GSA Annual Meeting in Seattle, Washington, USA - 2017

Paper No. 354-2
Presentation Time: 9:00 AM-6:30 PM

OPTIMIZING UAV SURVEYS FOR COASTAL MORPHODYNAMICS: ESTIMATION OF SPATIAL UNCERTAINTY AS A FUNCTION OF FLIGHT ACQUISITION AND POST PROCESSING FACTORS


LUNDINE, Mark1, DOHNER, Stephanie2, TREMBANIS, Arthur2 and MILLER, Douglas2, (1)Augustana College, 639 38th Street, Rock Island, IL 61201, (2)College of Earth Ocean and Environment, University of Delaware, 700 Pilottown Road, Lewes, DE 19958, marklundine14@augustana.edu

With recent developments in unmanned aerial vehicles (UAVs) and photogrammetry software, the rapid collection of aerial photography and video over study areas of varying sizes and accessibility has risen dramatically within coastal research groups. Utilizing structure from motion (SfM) algorithms, aerial photos are stitched into orthomosaics, point clouds, meshes, and digital elevation models. Monitoring morphological changes, vegetation densities, ecosystem changes, structure conditions, and countless more applications are possible using the aforementioned outputs. However, there remains uncertainty over UAV survey techniques, with disagreement on specific flight patterns, flight altitudes, photograph amounts, ground control point (GCP) amounts, GCP spacing schemes, drone models, and which SfM software to use, amongst other study-specific parameters.
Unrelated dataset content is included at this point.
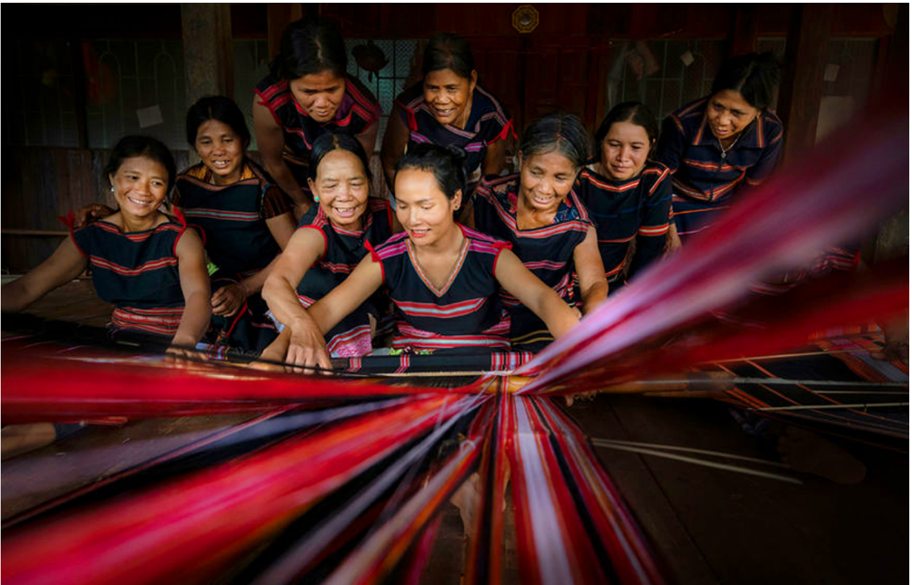
Trao truyền các giá trị văn hóa cho thế hệ mai sau_

Như vậy, phát triển nâng tầm văn hóa dân tộc Việt Nam lên ngang tầm thời đại là một tư tưởng vô cùng đẹp đẽ, sâu sắc và cao rộng của Chủ tịch Hồ Chí Minh với vai trò là người đứng đầu của một quốc gia - dân tộc; hơn thế, là đại diện về tư tưởng, trí tuệ, tinh thần, hồn cốt của quốc gia - dân tộc Việt Nam. Những quan điểm, tư tưởng của Người về văn hóa, phát triển, nâng tầm văn hóa dân tộc không chỉ có ý nghĩa quan trọng trong thời kỳ cách mạng dân tộc dân chủ, mà còn có giá trị sâu sắc trong công cuộc xây dựng chủ nghĩa xã hội. Những tư tưởng ấy chính là cơ sở, nền tảng cho Đảng xây dựng đường lối phát triển nền văn hóa Việt Nam tiên tiến, đậm đà bản sắc dân tộc trong giai đoạn hiện nay với các định hướng cơ bản, như xây dựng hệ giá trị văn hóa và chuẩn mực con người gắn với giữ gìn, phát triển hệ giá trị gia đình Việt Nam; xây dựng con người Việt Nam thời đại mới, gắn kết chặt chẽ, hài hòa giữa giá trị truyền thống và giá trị hiện đại; xây dựng môi trường văn hóa thật sự trong sạch, lành mạnh, cải thiện điều kiện thụ hưởng văn hóa của nhân dân; bảo vệ và phát huy các giá trị tốt đẹp, bền vững trong truyền thống văn hóa Việt Nam; gắn việc giữ gìn và phát huy các giá trị văn hóa truyền thống Việt Nam với việc chủ động, tích cực hội nhập quốc tế về văn hóa, xây dựng Việt Nam thành địa chỉ hấp dẫn về giao lưu văn hóa quốc tế; tiếp thu có chọn lọc tinh hoa văn hóa nhân loại phù hợp với thực tiễn Việt Nam, từng bước đưa văn hóa Việt Nam đến với thế giới;... (18) ./

To address the methodological differences amongst research groups, this study uses various collection parameters to investigate the error of drone-derived spatial data. A controlled field test (of 1.2 hectares) was performed to determine SfM’s sensitivity to the following flight parameters: flight altitude (60 m, 80 m, 120 m), photo overlap (70%, 75%, 80%), drone model (DJI Phantom quadcopter, senseFly eBee RTK fixed-wing), SfM software (PhotoScan, Pix4D), number of GCPs (4-34), and spacing scheme of GCPs (even, random). Through comparisons of the root mean squared error (RMSE) relative to the GCPs, flight altitude affected error significantly (>1 cm RMSE difference between 60 m and 120 m) while photo overlap was the least significant parameter (only 4 mm RMSE difference between 70% and 80% overlap). Different drone models, and thereby different cameras, along with varying photogrammetry software, affected RMSE significantly (>3 cm RMSE differences). Surprisingly, GCP spacing schemes were insignificant to error sensitivity (<1 mm RMSE differences). The final results determined six GCPs per hectare of land surveyed to be the most efficient, while flight altitudes of 80 meters with 70% overlap were the most efficient for flight time (~4 min), ground resolution (3.42-cm/pixel), and RMSE (4-cm). This study can be immediately referenced in future studies for its insight on conducting efficient and low-error UAV surveys.